Aylostera leucanthema is a species of flowering plant in the family Cactaceae.
==Description==
Aylostera leucanthema is a small, solitary cactus with a body that can be spherical or short-cylindrical, ranging in color from dark green to purple. It grows up to 7 cm tall and 3.5 cm in diameter, with a very small, beetle-like root.
The plant features 13 to 14 spirally arranged ribs, each clearly divided into tubercles. Its oval areoles are brown. It has a black central spine (which may be absent) up to 7 mm long, and 7 to 8 brown marginal spines with darker bases, measuring up to 6 mm in length.

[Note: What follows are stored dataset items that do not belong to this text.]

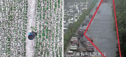 한날 폭염·폭우 ‘롤러코스터’ 폭염이 지속되고 있는 제주 서귀포시 하논분화구 내 논바닥이 8일 쩍쩍 갈라져 있다. 오른쪽은 이날 오후 서울에 갑작스러운 폭우가 내리면서 목동 IC 인근 도로가 침수된 모습. 서울도 한낮 폭염이 이어졌으나 오후 기습 폭우로 구로구 고척동 아파트 단지와 양천구 목동교 인근, 양화대교 인근 등 일부 도로가 침수됐다. 연합뉴스 |
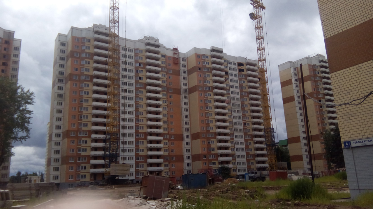 3 и 4 подъезды. Строят тех. этаж. Кран работает.
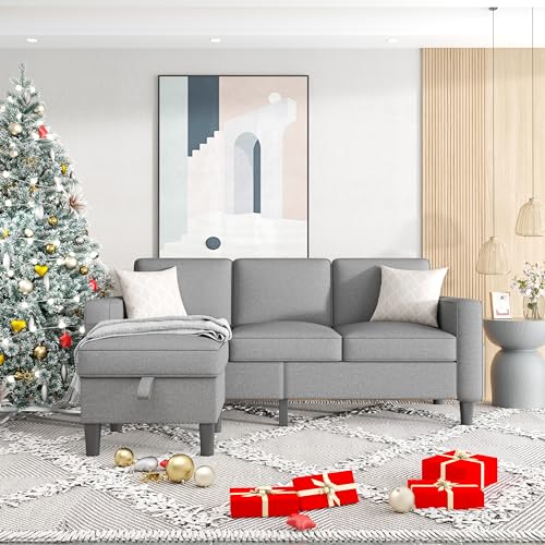 ZeeFu Convertible Sectional Sofa Couch,Light Grey Linen Fabric Modern Upholstered 3-Seat L-Shaped Sofa Furniture Set with Reversible Storage Ottoman and Pockets for Living Room Small Space Apartment
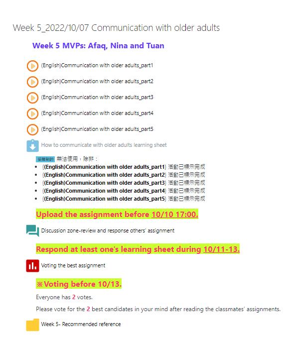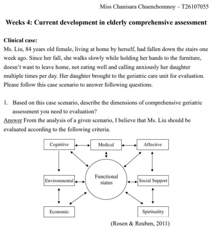 • Group oral presentation on a specific geriatric care issue.
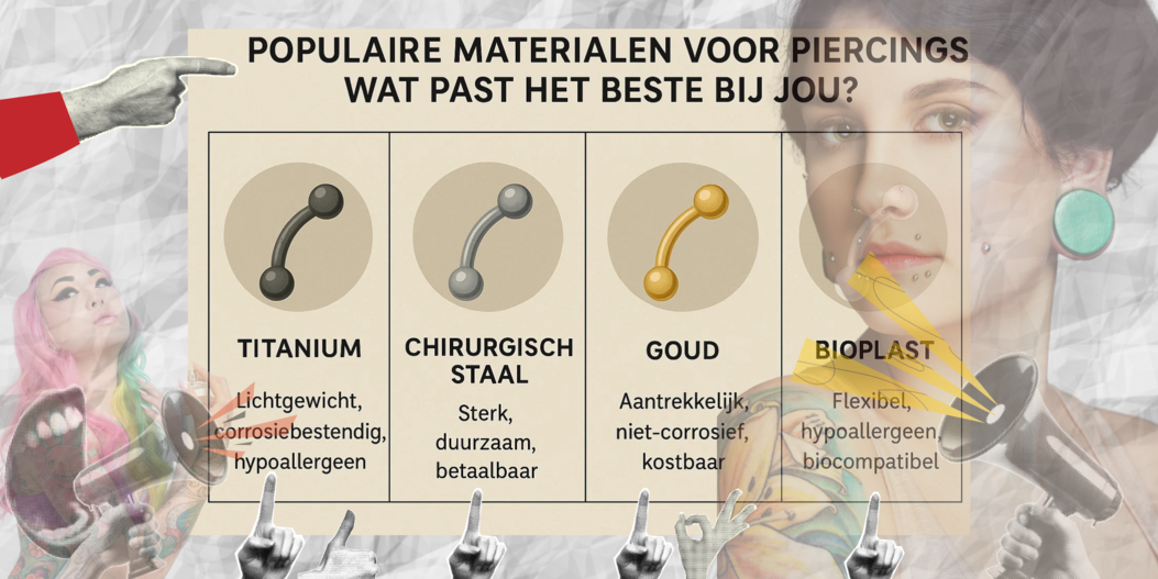 In deze blog geven we je een helder overzicht van de drie meest populaire materialen: titanium, chirurgisch staal en goud. We leggen uit wat hun voor- en nadelen zijn én hoe je een mogelijke allergie herkent.
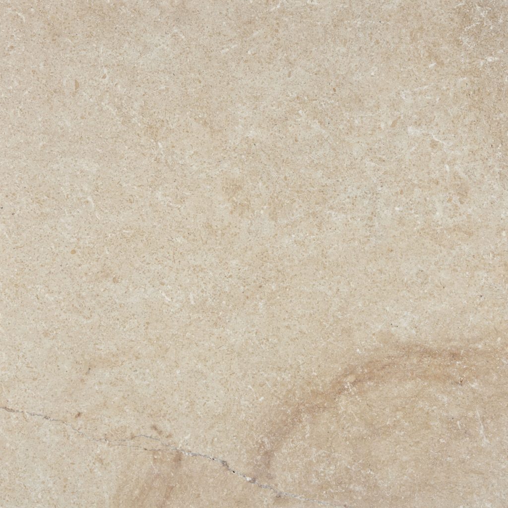A soft peach-grey shaded Campione Tumbled Limestone tile with scattered shells and minerals. An authentic looking stone that suits many situations.
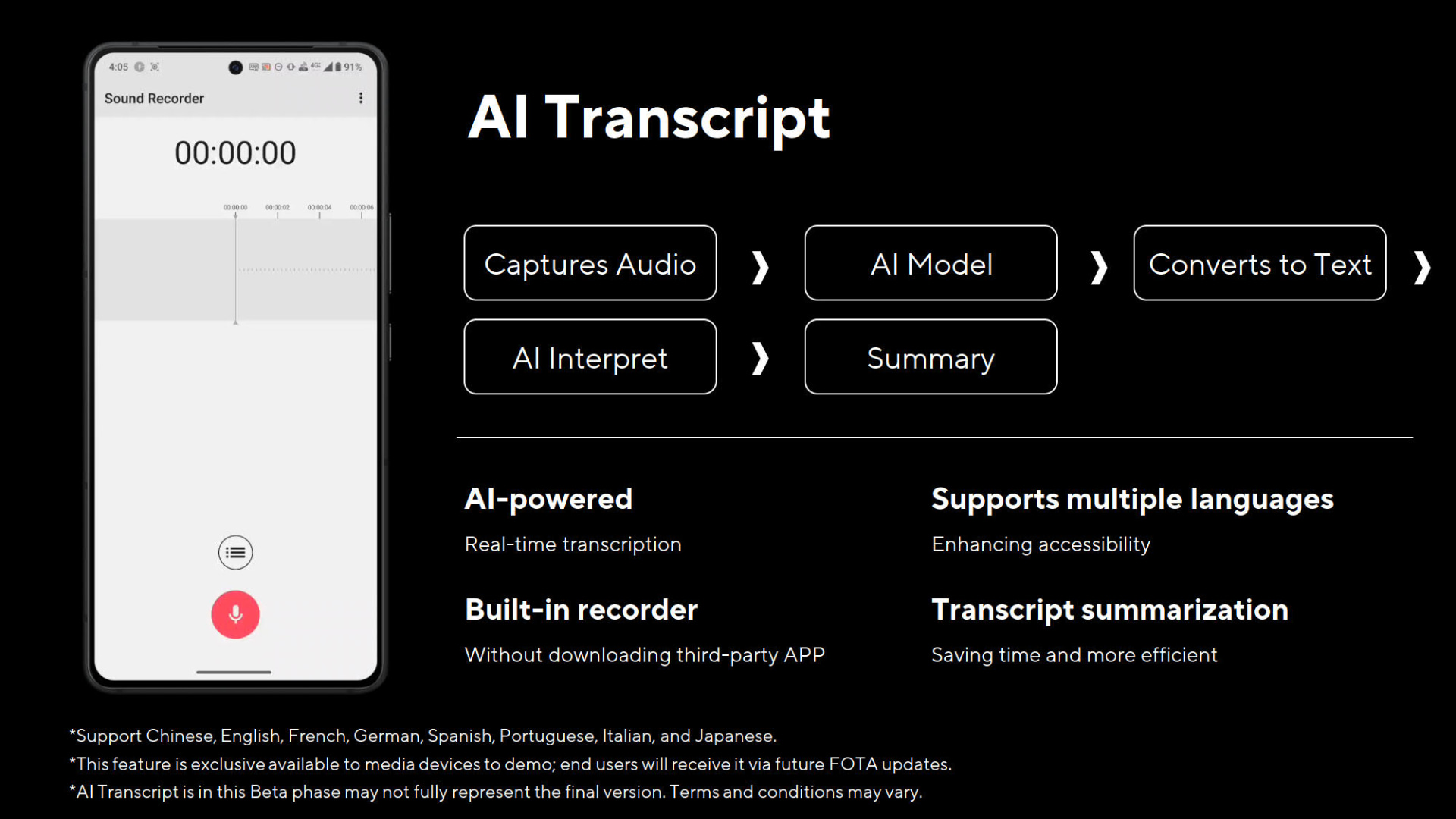 'AI 문자'는 녹음한 음성을 AI 모델로 텍스트화하는 것으로 지원 언어는
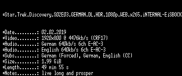| FiLENAME: | Star.Trek.Discovery.S02E03.GERMAN.DL.HDR.1080p.WEBRip.x265.iNTERNAL-EiSBOCK.mkv |
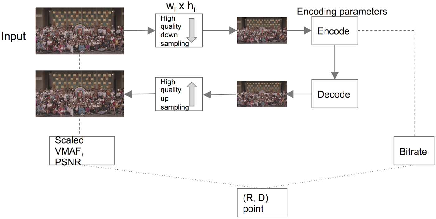 각 shot에 대해서 여러 CRF와 Resolution 값에 대해 모두 encoding합니다. CRF값과 resolution의 값이 정확히 어떤 범위 및 값인지는 확인할 수는 없지만 해당 Netflix 논문을 참고했을 때 CRF는 16, 20, 24, 28, 32, 36, 40, 44, 48이고 resolution은 1080p, 720p, 540p, 432p, 360p, 270p, 216p를 사용하였습니다.
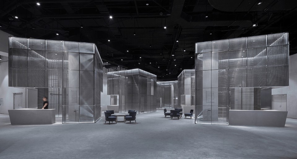 Progettato da BANDe Architects, GreenMonster Lab si trova nel piano interrato di un centro culturale di Pechino, che include laboratori, spazi espositivi e dedicati all’intrattenimento, showroom, una libreria… Lo studio cinese colonizza questi spazi flessibili e indifferenziati con scenografie di grande impatto, che hanno il compito principale di dare un nuovo ordine agli ambienti che, essendo stati concepiti come spazi di servizio, si presentavano come non-luoghi disordinati e inabitabili.
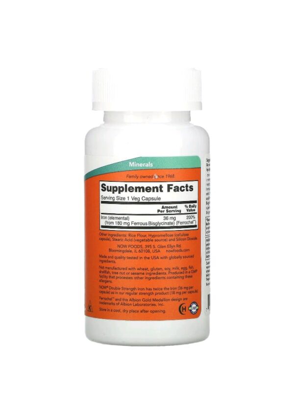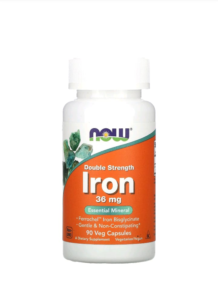 ناو فودز حديد 36 ملجم – 90 كبسولة نباتية Now Foods Iron 36 mg (Ferrochel®) – 90 Veg Capsules
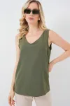 V Yaka Sıfır Kol Bluz 950 - Lacivert
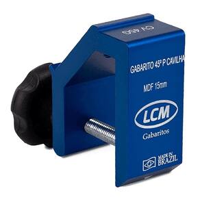 Gabarito Mini Jig Cavilhas 45 Graus 8mm para Chapas 15mm CV45G-15 LCM Gabarito Mini Jig 8mm para Madeira 15mm 45 Graus CV45G-15 LCM. Para gabaritar cavilhas em peças com cortes idênticos de 45 graus, dispensando o uso de fita de borda - Marca: LCM - Referência: CV45G-15 - Gabarito ideal para efetuar as marcações de furação para montagem de moveis planejados, utilizando o dispositivo cavilha para recortes de peças de mesma espessuras em corte de 45 graus - Para madeiras e chapas com espessura de 15mm - Com este gabarito e possível fazer o encaixe e travamento de cantos com o uso de cavilha em peças com cortes idênticos de 45 graus, dispensando o uso de fita de borda - A LCM oferece um gabarito de 45graus completo, diferenciado e de alto padrão em qualidade e acabamento, um produto que busca inovar e sanar necessidades de profissionais e hobbystas. - Fabricado no Brasil - Peso: 205g - : 90 dias Itens inclusos: - 1 Bloco em alumínio anodizado - 1 Manipulo para fixação - 1 Bucha de inox recartilhada de 8mm Ean: 7734625994132
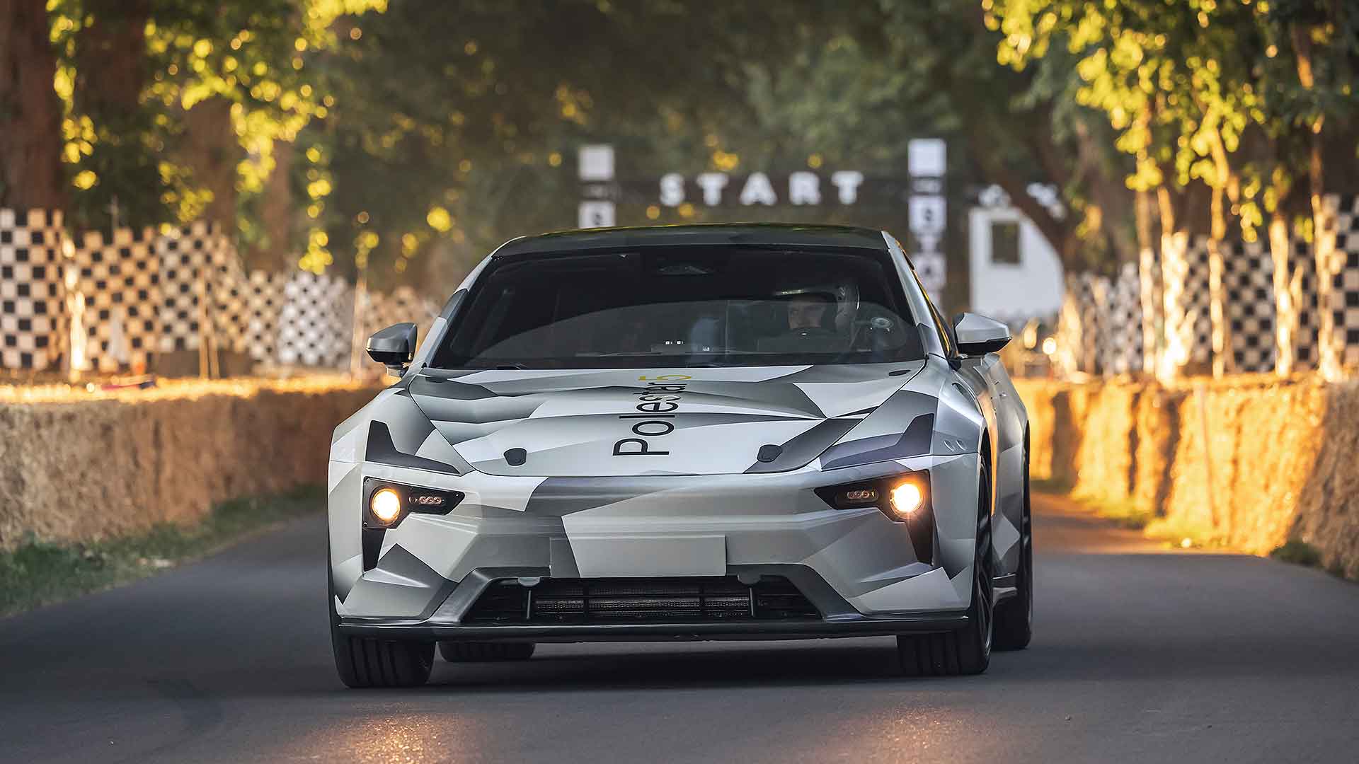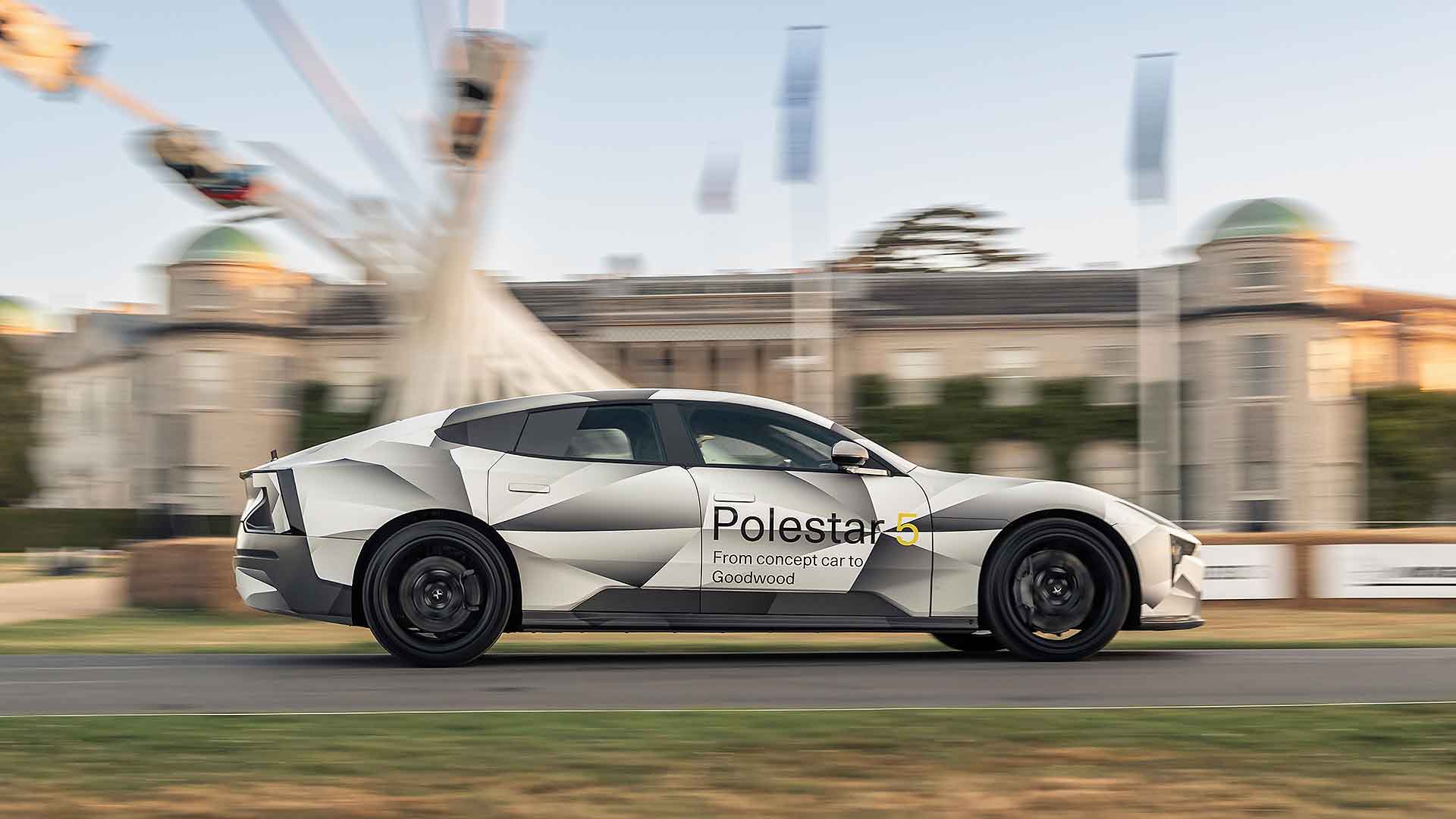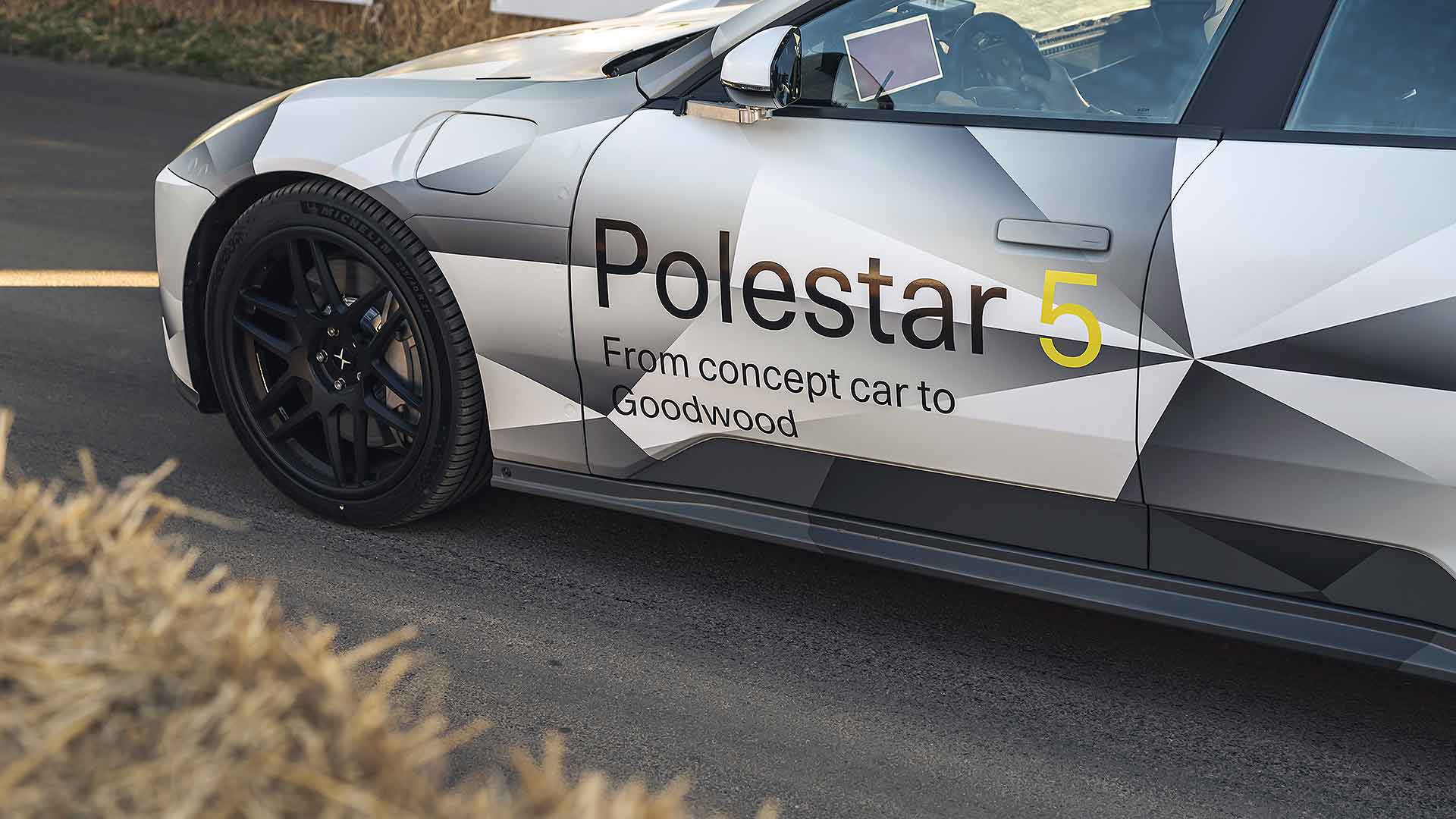 Seen in action for the first time in public this weekend at the Goodwood Festival of Speed, the Polestar 5 is being run up the Goodwood hill twice daily in the First Glance group.

Flowers, which can be white or pink, grow up to 2.5 cm long and have a similar diameter. The spherical fruits are dark purple and about 5 mm in diameter.
==Distribution==
This species is endemic to Chuquisaca Department, Bolivia south of Cinti at elevations of 3600.
==Taxonomy==
This species was first described as Rebutia leucanthema in 1975 by Austrian botanist Walter Rausch. The name leucanthema comes from Greek words meaning "white flower," referring to its flower color. Later, botanists Stefano Mosti and Alessio Papini transferred it to the genus Aylostera, renaming it Aylostera leucanthema in 2011.